Personal information
- Full name: Nathaniel Patrick Crosby
- Born: October 29, 1961 (age 64) Hillsborough, California, U.S.
- Height: 6 ft 2 in (1.88 m)
- Sporting nationality: United States
- Residence: North Palm Beach, Florida, U.S.
- Spouse: Sheila
- Children: 6

Career
- College: University of Miami
- Turned professional: 1984 Regained amateur status in 1994
- Former tour: European Tour

Best results in major championships
- Masters Tournament: CUT: 1982, 1983, 1984
- PGA Championship: DNP
- U.S. Open: 59th: 1982
- The Open Championship: CUT: 1982, 1983

= Nathaniel Crosby =

American amateur golfer (born 1961)

Nathaniel Patrick Crosby (born October 29, 1961) is an American golfer. He won the 1981 U.S. Amateur and played on the winning 1982 Eisenhower Trophy and 1983 Walker Cup teams. He turned professional but had little success and was later reinstated as an amateur. He is the seventh child and sixth son of Bing Crosby.

==Early life==
Crosby was born and raised in Hillsborough, California. He was the third and youngest child of Bing Crosby and actress Kathryn Grant. Bing Crosby also had four children from his first marriage.
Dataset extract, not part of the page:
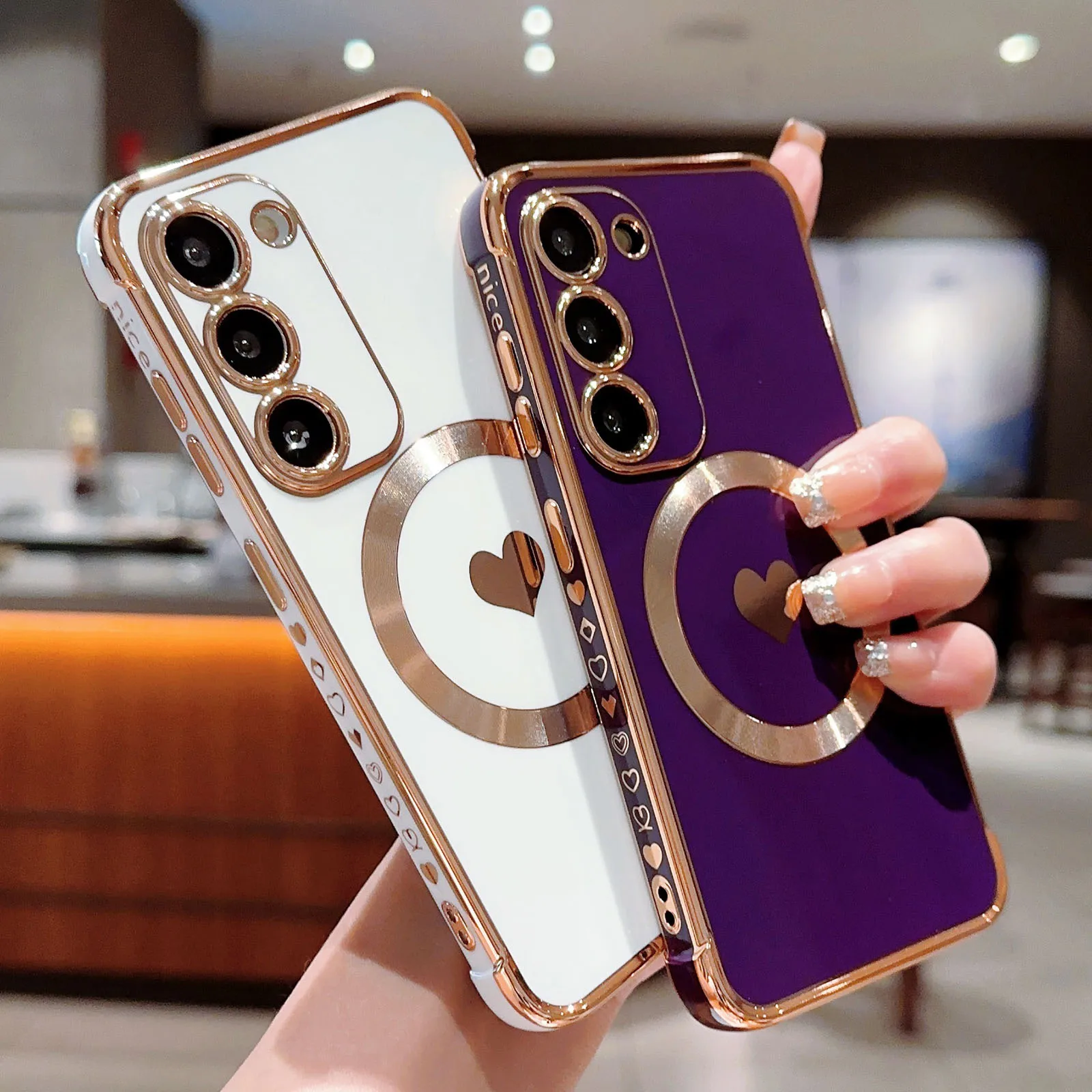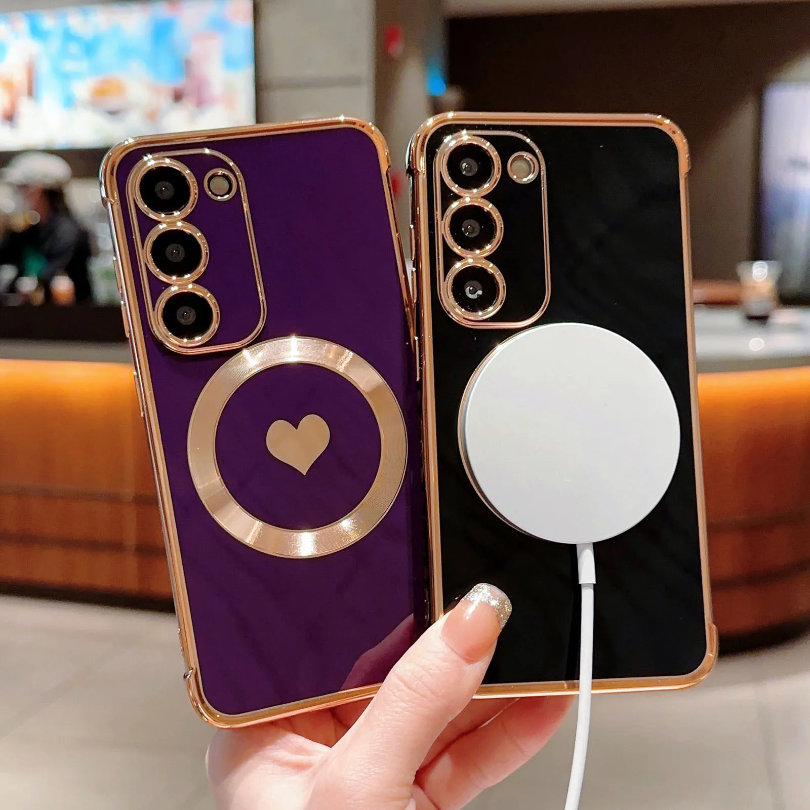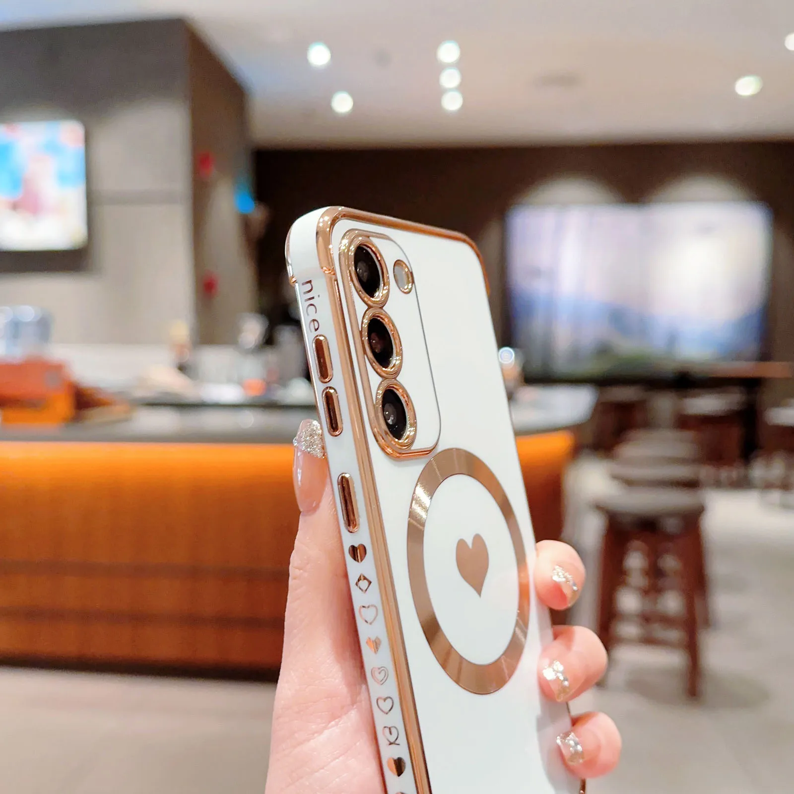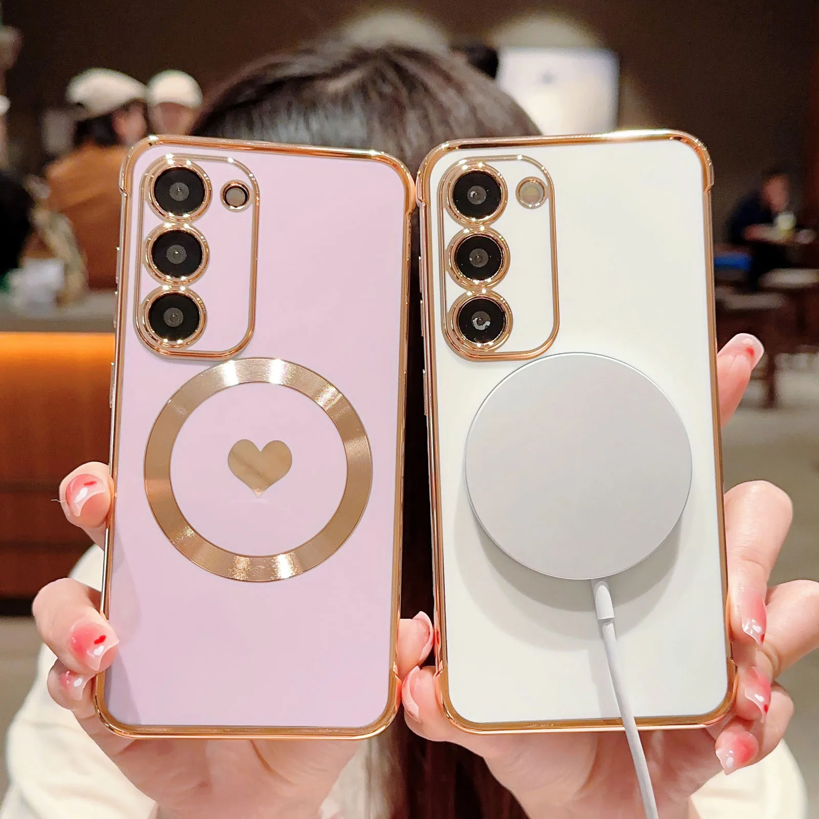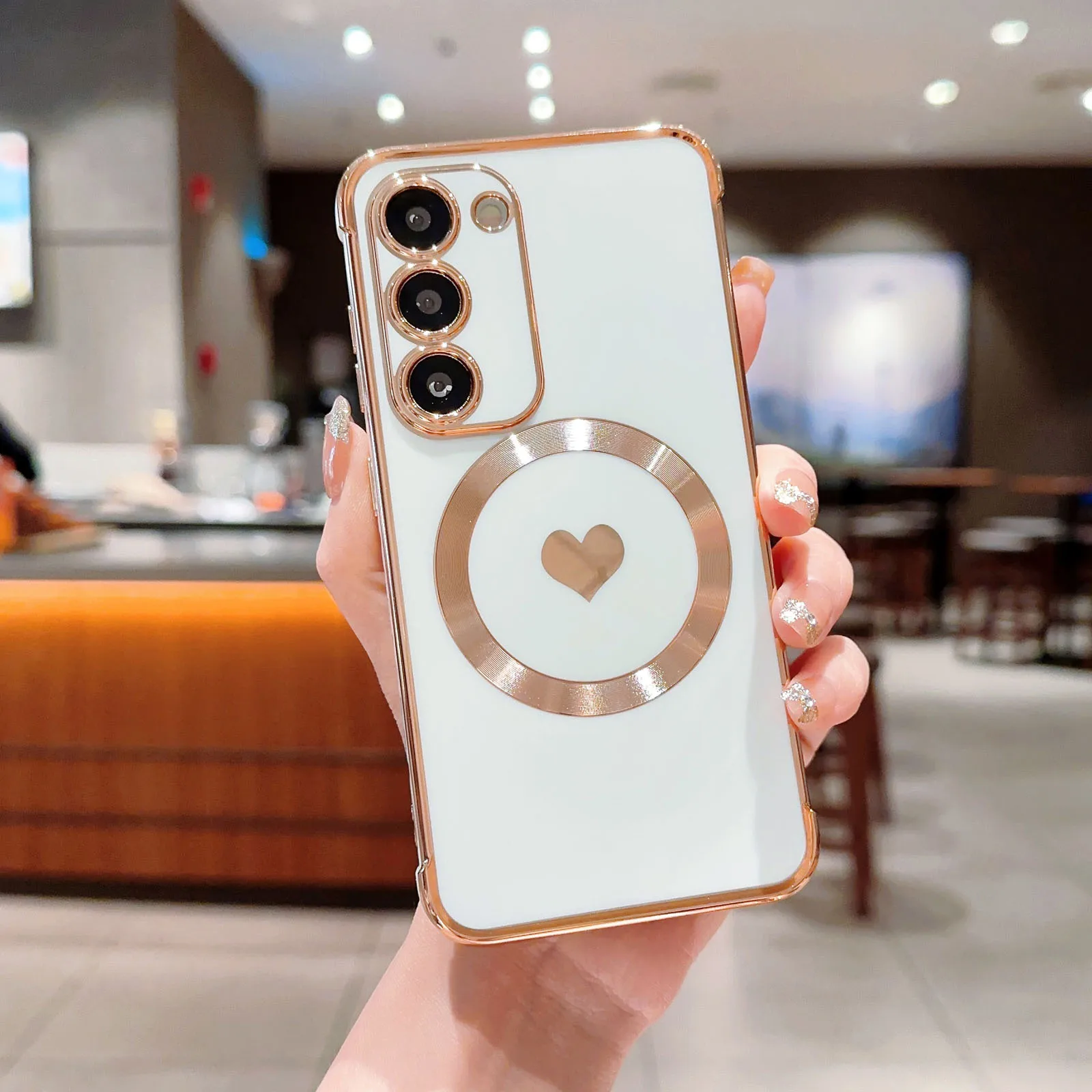 Comprar Funda magnética de corazón chapado para Samsung Galaxy S23 S22 S21 Ultra S21 S20 FE para Magsafe carga inalámbrica cubierta suave a prueba de golpes

Although his father was a showbiz celebrity, he was, in Nathaniel's words, "determined that we didn't grow up to be Hollywood brats." The family lived hundreds of miles from Los Angeles, in northern California, and Bing instilled a strong work ethic in his children. In the summer Nathaniel and his siblings worked from sunup to sundown baling alfalfa and vaccinating cattle on the family ranch. Crosby stated later in life in his memoir 18 Holes with Bing, "I always longed for summer to end so I could go back to school." He had a cool relationship with his father, who was a golf fanatic, and got into golf as a way to connect with him. Crosby stated, “I learned golf so that I could spend more time with him." Crosby largely learned golf from the family's Irish nanny, Bridget, who was also a pro golfer. Crosby won the club championship at the family's country club, Burlingame Country Club, at the age of 15. His father stated after the victory, "Today is the happiest day of my life." Crosby attended Burlingame High School and was on the golf team.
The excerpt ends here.